For over a century, crosswords, puzzles, and quizzes have been present in newspapers. Digital journalism has only increased the trend of integrating game elements in news media, often blurring the traditional boundaries between news and games.

This dissertation aims to explore and understand how and why news organizations and newsworkers use gamification in digital news websites and to analyze the objectives behind its implementation in news production. The importance of trying to understand this development stems from the different roles that digital games and news have in contemporary democratic societies. While journalism is often regarded as the main source of information for the public to act as citizens, digital games predominantly remain considered as entertainment media.

Drawing from media sociology and new institutionalism, this study engages with the literature on converging processes of popularization and professionalization of journalism, and how different institutional logics of gamification and journalism interact. Methodologically, this qualitative multiple case study analyzes four diverse news organizations (the Guardian, Bleacher Report, the Times of India, and Al Jazeera), interviewing 56 newsworkers, and conducting game-system analysis of their respective gamified systems.

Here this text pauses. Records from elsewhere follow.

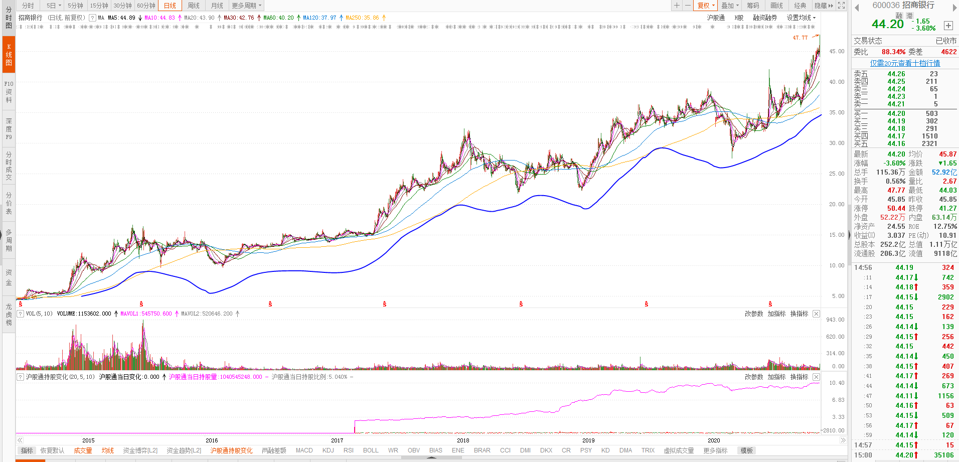 九、招商Y行,零售业务银行第一,图形一直往东北方向前进,今天创历史新高。前三季度roe8.36%,2015年6月12的收盘价15.23元,今日收盘价44.2元,五年多的时间涨幅190%,三季度基金家数为745家,较二季度1083家小幅减少,占流比份额只是稍减。见图10。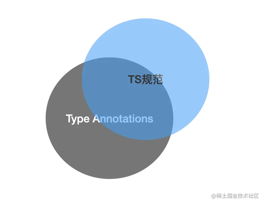 所以,Type Annotations还有一部分特性是TS当前未定义的,这也是为了规范更广泛的适用性考虑的,也就是图中Type Annotations存在,而TS不存在的部分。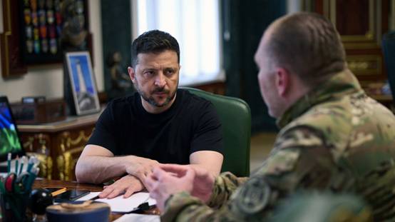 [image: Ukrainian President Volodymyr Zelenskyy listens during a meeting with a senior military officer]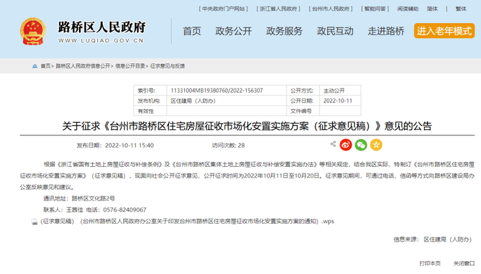 公告显示:《台州市路桥区住宅房屋征收市场化安置实施方案》(征求意见稿),现面向社会公开征求意见,公开征求时间为2022年10月11日至10月20日。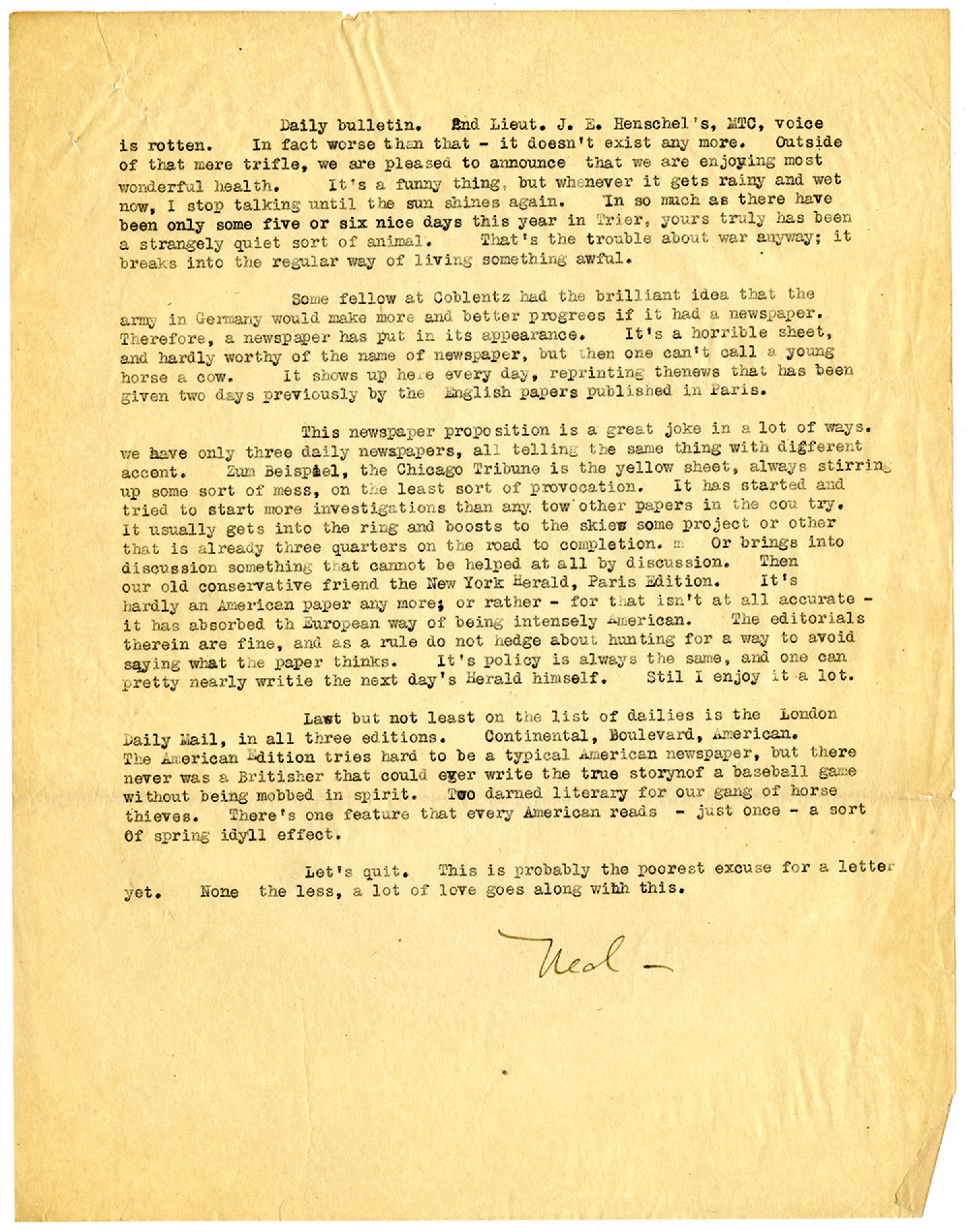 Daily bulletin. 2nd Lieut. J.E. Henschel's, MTC, voice is rotten. In fact worse than that - it doesn't exist any more. Outside of that mere trifle, we are pleased to announce that we are enjoying most wonderful health. It's a funny thing, but whenever it gets rainy and wet now, I stop talking until the sun shines again. In so much as there have been only some five or six nice days this year in Trier, yours truly has been a strangely quiet sort of animal. That's the trouble about war anyway; it breaks into the regular way of living something awful. Some fellow at [Coblenz] had the brilliant idea that the army in Germany would make more and better progrees if it had a newspaper. Therefore, a newspaper has put in its appearance. It's a horrible sheet, and hardly worthy of the name of newspaper, but then one can't call a young horse a cow. It shows up here every day, reprinting the news that has been given two days previously by the English papers published in Paris. This newspaper proposition is a great joke in a lot of ways. we have only three daily newspapers, all telling the same thing with different accent. Zum Beispiel, the Chicago Tribune is the yellow sheet, always stirring up some sort of mess, on the least sort of provocation. It has started and tried to start more investigations than any tow other papers in the country. It usually gets into the ring and boosts to the skies some project or other that is already three quarters on the road to completion. Or brings into discussion something that cannot be helped at all by discussion. Then our old conservative friend the New York Herald, Paris Edition. It's hardly an American paper any more; or rather - for that isn't at all accurate - it has absorbed th European way of being intensely American. The editorials therein are fine, and as a rule do not hedge about hunting for a way to avoid saying what the paper thinks. It's policy is always the same, and one can pretty nearly write the next day's Herald himself. Still I enjoy it a lot. Last but not least on the list of dailies is the London Daily Mail, in all three editions. Continental, Boulevard, American. The American Edition tries hard to be a typical American newspaper, but there never was a Britisher that could ever write the true story of a baseball game without being mobbed in spirit. Too darned literary for our gang of horse thieves. There's one feature that every American reads - just once - a sort of spring idyll effect. Let's quit. This is probably the poorest excuse for a letter yet. None the less, a lot of love goes along with this. Ned.

The findings suggest that while news organizations often frame their motivations within the celebratory rhetoric of gamification, a deeper look into the material manifestations of gamified news systems tend to problematize the empowering claims of gamification. Instead, a complex interplay between the professional and commercial logics of journalism and the hedonic and utilitarian logics of gamification shapes how news organizations and newsworkers implement gamified systems. This dissertation contributes to a larger debate on the friction professionalism and the market, on institutional interaction, and the increasing transgression of journalistic institutional borders.

Abstract [en]

Would you read more news if you could earn points, win badges, unlock content, or level up? Would a journalist write more often to be on top of a leaderboard?

Various digital newspapers have integrated gamification as a way to incentivize user behavior with game elements. However, the ways news organizations use gamification and the behaviors they target are not homogenous. This dissertation studied four news organizations – the Guardian, Bleacher Report, the Times of India, and Al Jazeera – that use gamification in surprisingly different ways. From giving incentives and rewards to their readers, to crafting new storytelling techniques. From creating a system where journalists are the players, to calling the readers to participate in a crowdsourcing investigative initiative. The results suggest that a complex interplay between the professional and commercial logics of journalism and the hedonic and utilitarian logics of gamification shapes the implementation of gamified systems.

But, is it all fun and games, or are there other concerns about how news organizations and newsworkers are gamifying the news?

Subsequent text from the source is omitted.